Multi-tasker Sacha Guitry (playwright/ actor/director) left his Boulevard Comedies for rural Marcel Pagnol territory in this marital farce, a village fable both comic & cruel, burnt sugar on a crème brûlée. Michel Simon (at his rumpled best) & Germaine Reuver are miserably mismatched in a marriage from Hell, daggers in their eyes/murder in their heart. She’s bought rat poison from the druggist/he’s found a fancy Paris lawyer to confess to. And that’s where he goes before the crime, to let the celebrated defense lawyer suggest ‘proper’ answers. The lawyer has no idea he’s teaching Simon the best way to do in the missus and get off scot-free. So, the courtroom trial plays like a theatrical turn; the town gets windfall publicity & lucrative tourist trade; police & the legal system prove incompetent &/or corrupt; and Simon is Hero of the Day, while the poor druggist gets a taste of his own medicine. Technically, the film is one of Guitry’s most conventional, but in its ideas as cynical, bitter & subversive as he ever got . . . plus hilarious.
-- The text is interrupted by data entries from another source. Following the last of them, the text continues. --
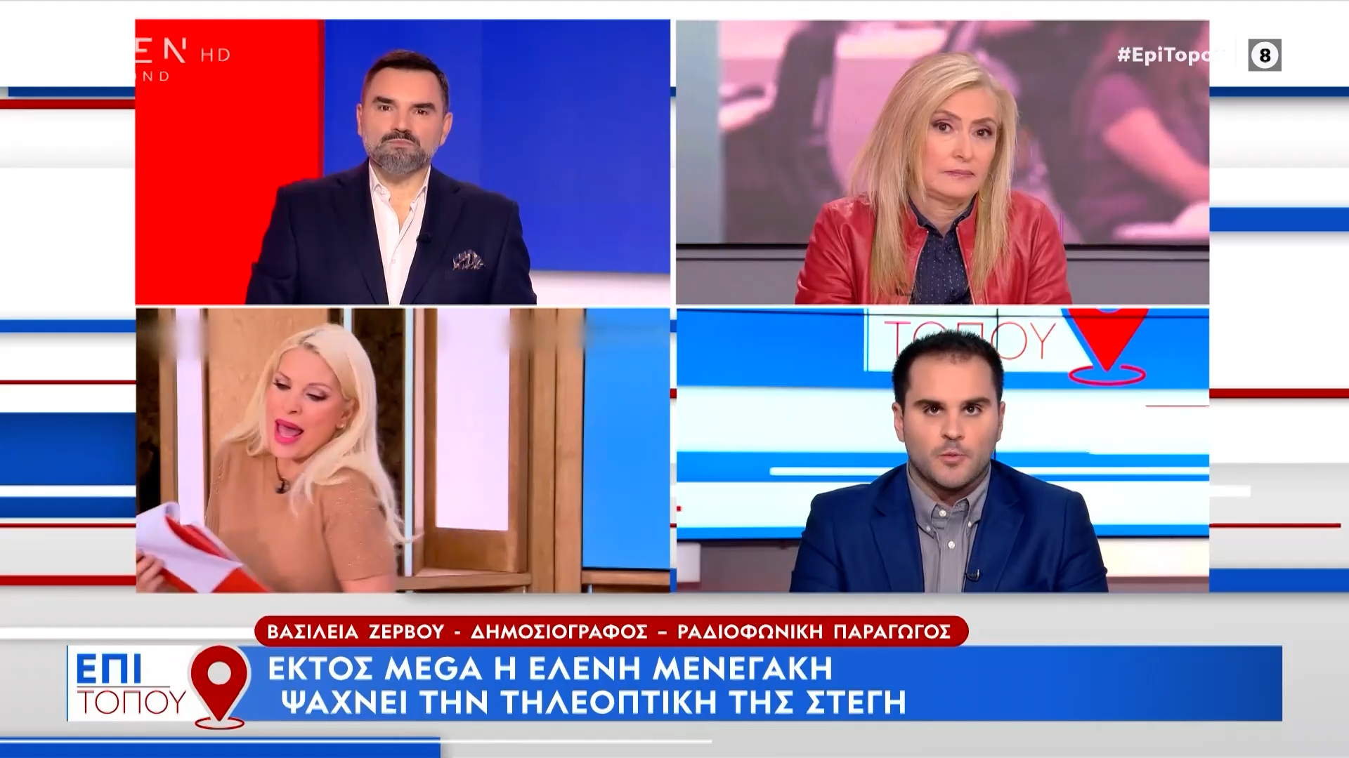 Δεν βγαίνει λευκός καπνός στο ζήτημα της Ελένης Μενεγάκη σε σχέση με την παραμονή της ή όχι στο Mega. Κανένα ραντεβοού δεν έχει γίνει, αλλά ούτε και πρόσκληση για συνάντηση, κάτι που δείνει ότι μάλλον δεν θα υπάρχει και συνέχεια.
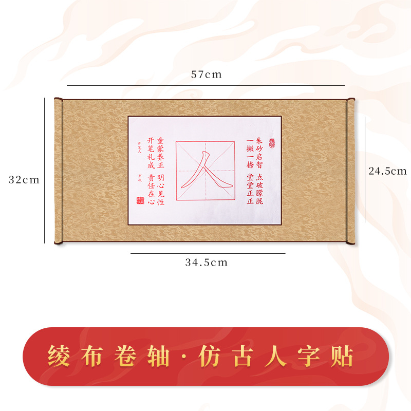 規格:仿古綾布捲軸+筆墨碟
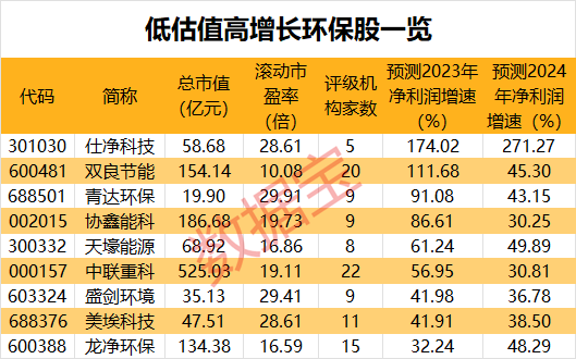 在上述低估值概念股中,根据5家及以上机构一致预测,仕净科技、双良节能、青达环保、协鑫能科和天壕能源等9股2023年和2024年两年净利增速均超30%。
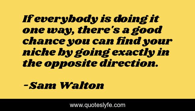 This page presents the quote "If everybody is doing it one way, there's a good chance you can find your niche by going exactly in the opposite direction.". Author of this quote is Sam Walton. This quote is about direction, good,.

ATTENTION MUST BE PAID: Guitry could always be counted on for witty credit sequences, and this film’s elaborate, deeply personal intros rank with his best.

DOUBLE-BILL: Orson Welles’ original idea for what became Chaplin’s MONSIEUR VERDOUX/’48 must have been closer in tone to LA POISON than the finished product. Which, in spite of many felicities, ultimately mistakes sanctimonious for serious. A charge Guitry could never be accused of.

SCREWY THOUGHT OF THE DAY: How this missed the ‘90s Hollywood remake boom (maybe for Jack Nicholson/Kathy Bates?) is a mystery.